Keywords: primitive neuroectodermal tumors, ewing sarcoma (es), immunohistochemistry, adult, renal
Introduction
Ewing’s sarcoma (ES)/primitive neuroectodermal tumor (PNETs) are high-grade small round blue cell tumors typically found in children and adolescents [1]. The most common site of primary disease is bone, though extraskeletal primary sites are known to occur and can affect the skin, soft tissue, or viscera. Primary renal presentation is outstandingly rare, and confusion with other common primary small round cell tumors of childhood such as Wilm’s tumor and neuroblastoma is not uncommon.
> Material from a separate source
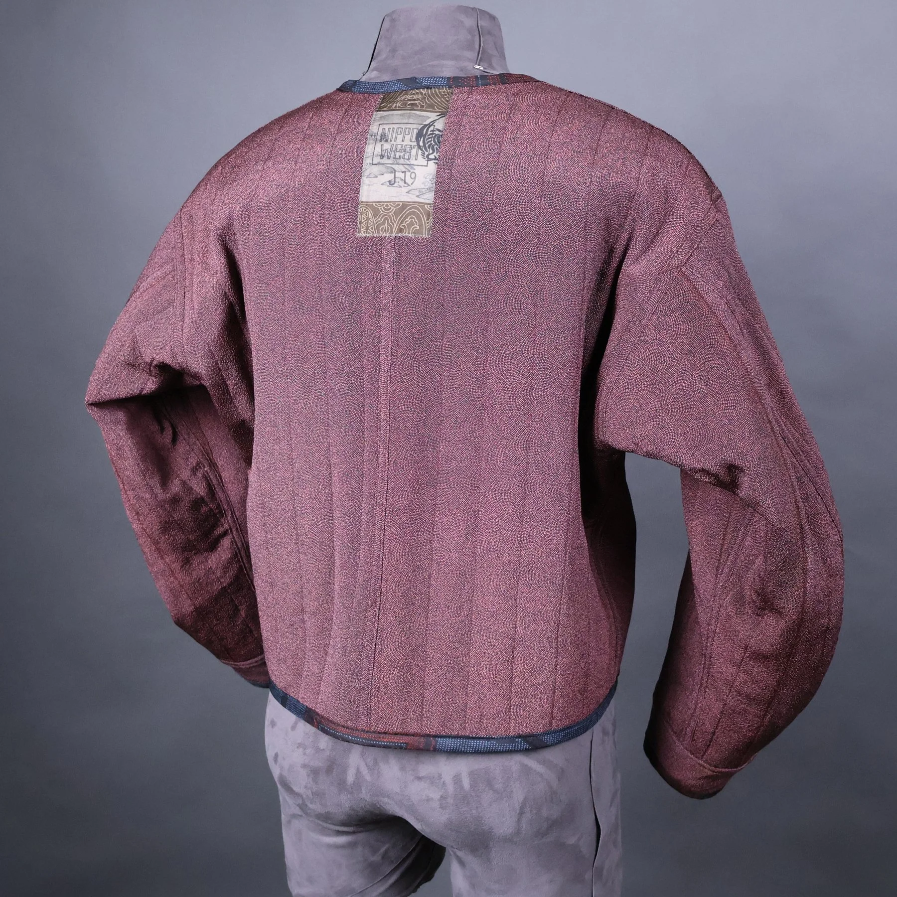 it wasn’t until 2016, when he wanted to make a kimono-style coat out of a US Army blanket from WW2, that he taught himself how to sew, later learning to make his own patterns. This began a journey of making garments and accessories using vintage Japanese fabrics, shapes, and ideas. Every piece is one of a kind, each produced from up-cycled or dead stock materials in his studio in upstate New York.

One must also rule out other small round cell tumors such as lymphoma, monophasic synovial sarcoma, and desmoplastic small round cell tumor presenting in the adult population, which often leads to delay in diagnosis and misdiagnosis [2]. ES of primary renal origin is exceedingly rare and is associated with a poor prognosis and a high propensity for metastasis [3].
Case presentation
A 45-year-old man presented with left upper abdominal swelling since one year, and he subsequently noticed swelling of his left lower limb on standing. There was no other significant medical history. On physical examination, a large and hard lump was felt on the left hypochondrium and left lumbar region. The lump was bimanually palpable with no extension across the midline. All the routine blood investigations including serum creatinine were normal. Urine analysis was normal. A contrast-enhanced computed tomography (CECT) scan showed a large, solid cystic, lobulated mass (26.0 x 16cm) with perilesional streakiness arising from the left kidney with compression of surrounding structures, suggestive of malignancy (Figure 1). The patient underwent radical left nephrectomy.
Figure 1. CECT of the abdomen showing a large solid cystic lobulated mass of the left kidney measuring 26 x 16cm in size with perilesional streakiness.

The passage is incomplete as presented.